▶ **What you should do**
From the entries that follow, reproduce exactly and only the lines from the line with "A finom pipacs- és" to the line with "Notatnik w formacie", endpoints included.

▶ **Dataset extract**
================================

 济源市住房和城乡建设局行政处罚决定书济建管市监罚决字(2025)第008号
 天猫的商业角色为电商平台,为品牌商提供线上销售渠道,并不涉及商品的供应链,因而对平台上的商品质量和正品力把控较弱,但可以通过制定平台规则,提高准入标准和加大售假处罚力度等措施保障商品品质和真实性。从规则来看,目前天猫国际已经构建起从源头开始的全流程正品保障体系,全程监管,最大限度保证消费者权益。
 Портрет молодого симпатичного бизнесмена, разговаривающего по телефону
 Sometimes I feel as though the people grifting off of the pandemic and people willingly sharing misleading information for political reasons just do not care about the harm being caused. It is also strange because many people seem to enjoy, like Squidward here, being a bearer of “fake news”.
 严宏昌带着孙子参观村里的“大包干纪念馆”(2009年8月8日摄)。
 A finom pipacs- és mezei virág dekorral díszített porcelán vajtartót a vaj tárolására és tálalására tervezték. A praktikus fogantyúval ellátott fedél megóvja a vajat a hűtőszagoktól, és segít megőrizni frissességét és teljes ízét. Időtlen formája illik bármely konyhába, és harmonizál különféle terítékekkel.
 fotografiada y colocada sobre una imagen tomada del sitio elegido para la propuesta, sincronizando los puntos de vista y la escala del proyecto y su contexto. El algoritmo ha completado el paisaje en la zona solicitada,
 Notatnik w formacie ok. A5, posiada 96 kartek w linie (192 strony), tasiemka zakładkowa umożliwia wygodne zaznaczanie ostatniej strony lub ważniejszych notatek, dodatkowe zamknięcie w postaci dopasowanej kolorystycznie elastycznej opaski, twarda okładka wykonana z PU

================================

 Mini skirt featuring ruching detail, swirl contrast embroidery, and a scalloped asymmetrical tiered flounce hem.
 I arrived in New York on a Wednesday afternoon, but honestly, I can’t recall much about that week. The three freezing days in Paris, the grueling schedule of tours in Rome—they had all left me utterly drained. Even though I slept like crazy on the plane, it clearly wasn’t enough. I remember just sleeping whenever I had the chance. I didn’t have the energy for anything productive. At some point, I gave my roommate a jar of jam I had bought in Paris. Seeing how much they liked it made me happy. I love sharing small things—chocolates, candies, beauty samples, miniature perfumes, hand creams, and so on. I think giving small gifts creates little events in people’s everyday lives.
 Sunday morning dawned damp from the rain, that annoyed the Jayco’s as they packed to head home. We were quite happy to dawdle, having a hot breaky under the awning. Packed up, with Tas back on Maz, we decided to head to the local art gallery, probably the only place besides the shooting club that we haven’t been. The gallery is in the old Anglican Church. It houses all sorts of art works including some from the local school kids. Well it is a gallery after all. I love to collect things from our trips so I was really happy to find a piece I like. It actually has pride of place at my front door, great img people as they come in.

================================

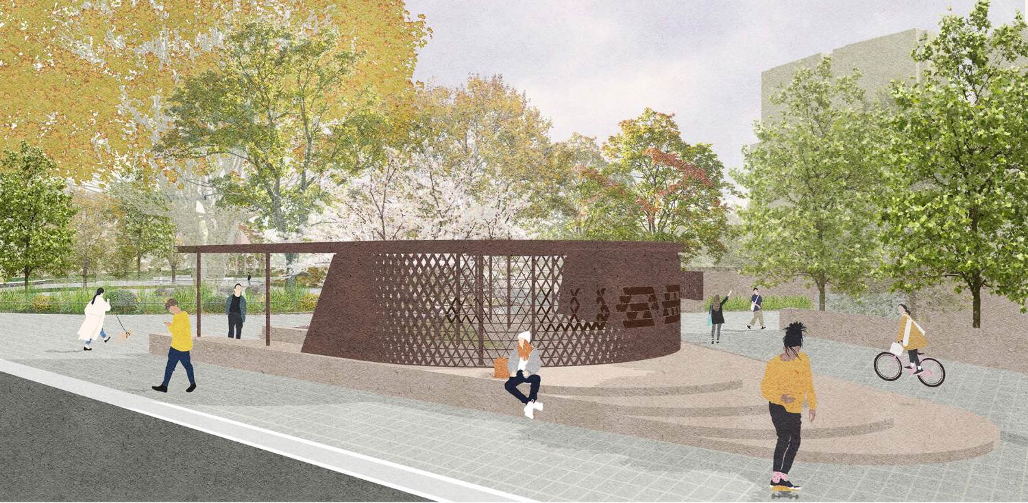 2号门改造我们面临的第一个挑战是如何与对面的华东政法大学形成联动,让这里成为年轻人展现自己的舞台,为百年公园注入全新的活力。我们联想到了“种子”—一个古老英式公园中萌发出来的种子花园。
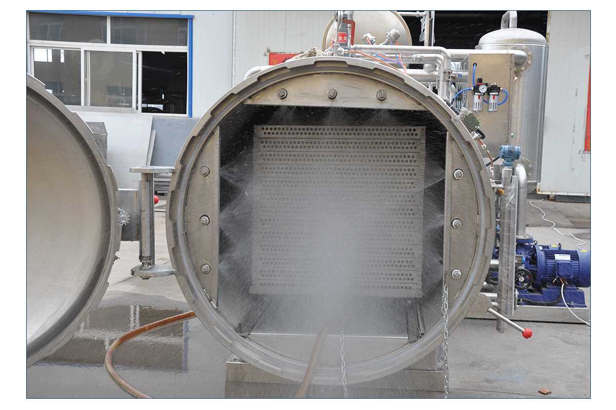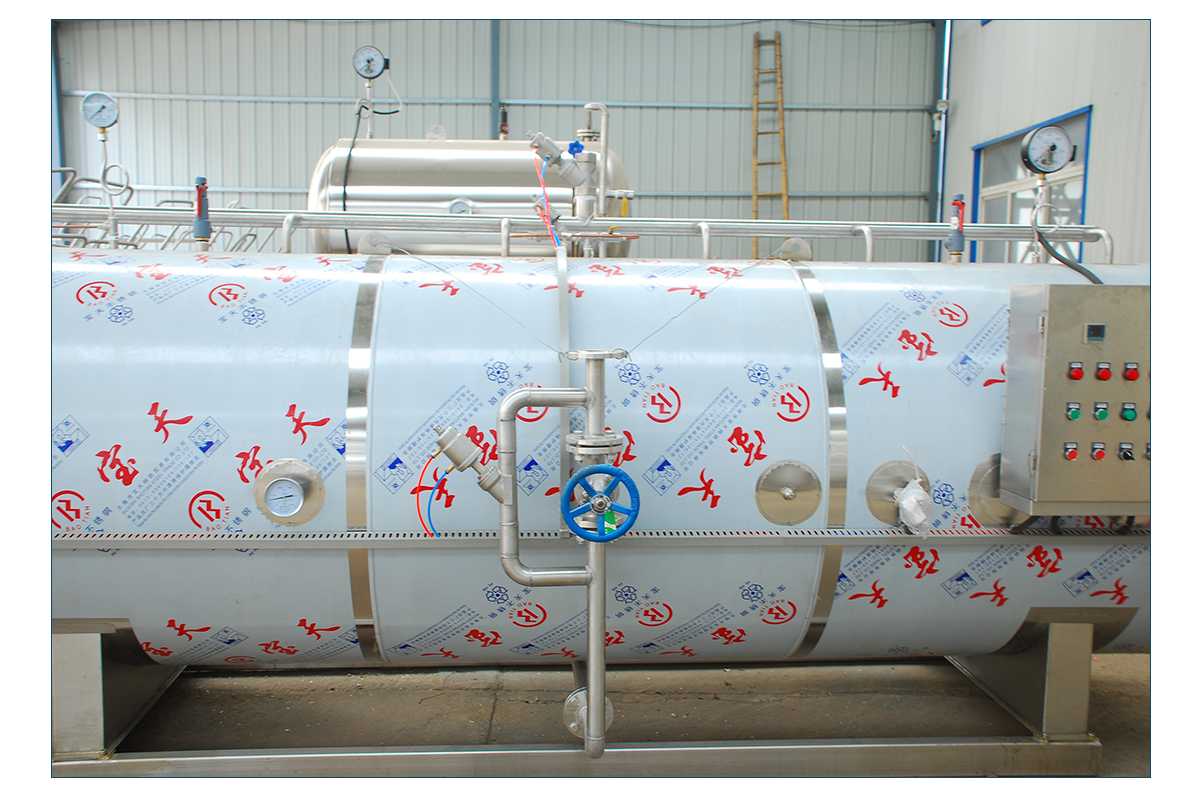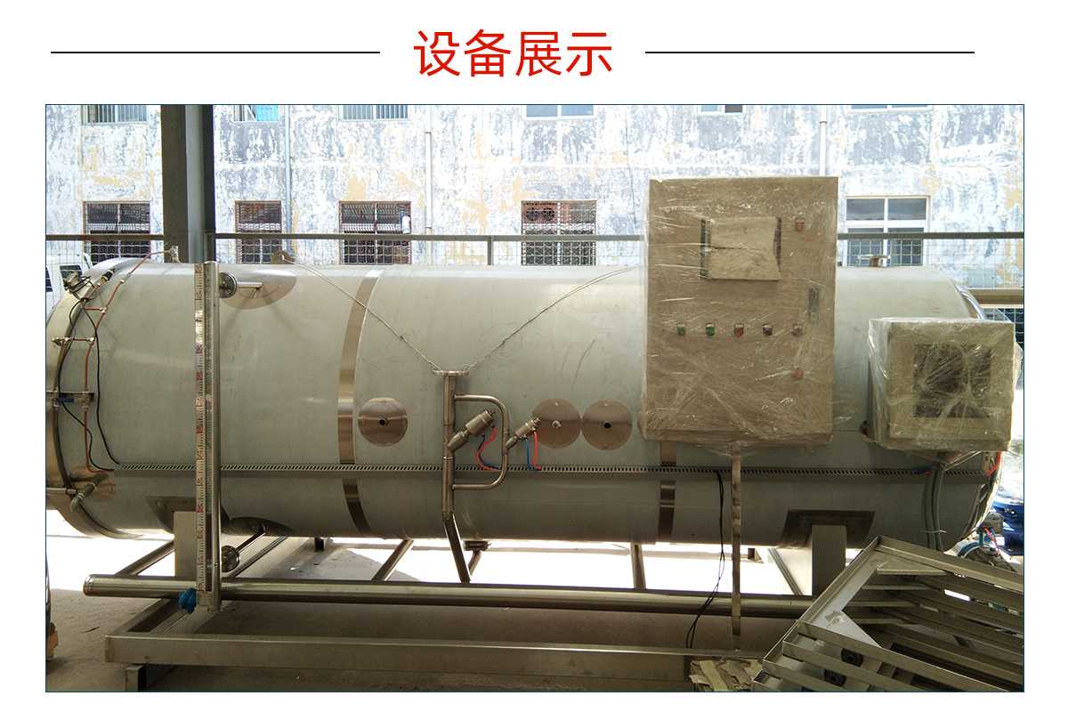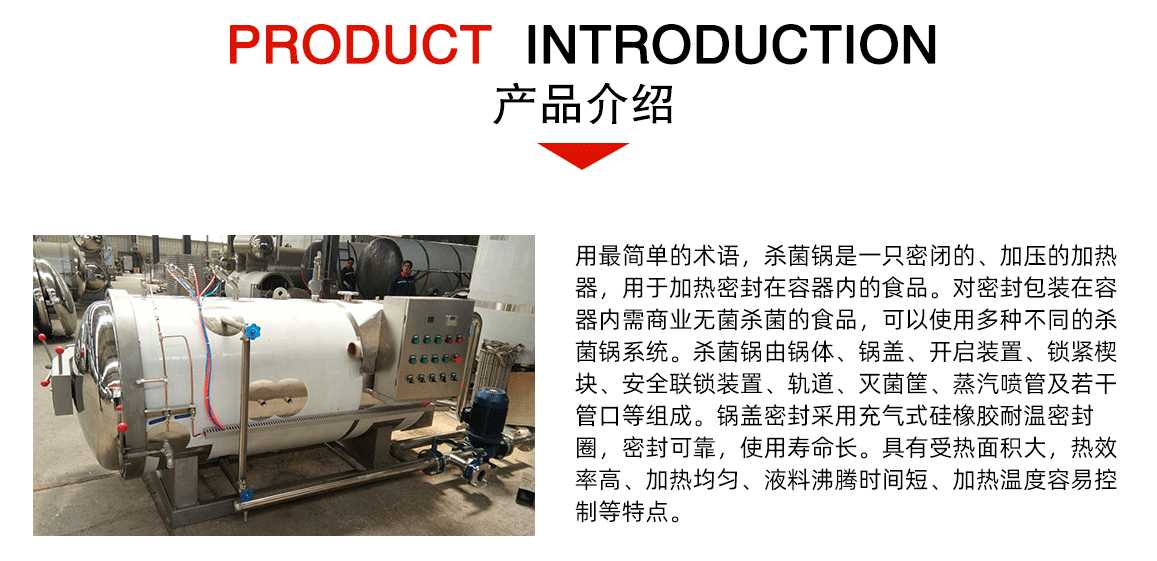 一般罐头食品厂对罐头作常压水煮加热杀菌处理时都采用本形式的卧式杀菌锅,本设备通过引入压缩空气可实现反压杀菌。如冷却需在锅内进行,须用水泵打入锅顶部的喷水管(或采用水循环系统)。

================================

▶ **Response area**
 A finom pipacs- és mezei virág dekorral díszített porcelán vajtartót a vaj tárolására és tálalására tervezték. A praktikus fogantyúval ellátott fedél megóvja a vajat a hűtőszagoktól, és segít megőrizni frissességét és teljes ízét. Időtlen formája illik bármely konyhába, és harmonizál különféle terítékekkel.
 fotografiada y colocada sobre una imagen tomada del sitio elegido para la propuesta, sincronizando los puntos de vista y la escala del proyecto y su contexto. El algoritmo ha completado el paisaje en la zona solicitada,
 Notatnik w formacie ok. A5, posiada 96 kartek w linie (192 strony), tasiemka zakładkowa umożliwia wygodne zaznaczanie ostatniej strony lub ważniejszych notatek, dodatkowe zamknięcie w postaci dopasowanej kolorystycznie elastycznej opaski, twarda okładka wykonana z PU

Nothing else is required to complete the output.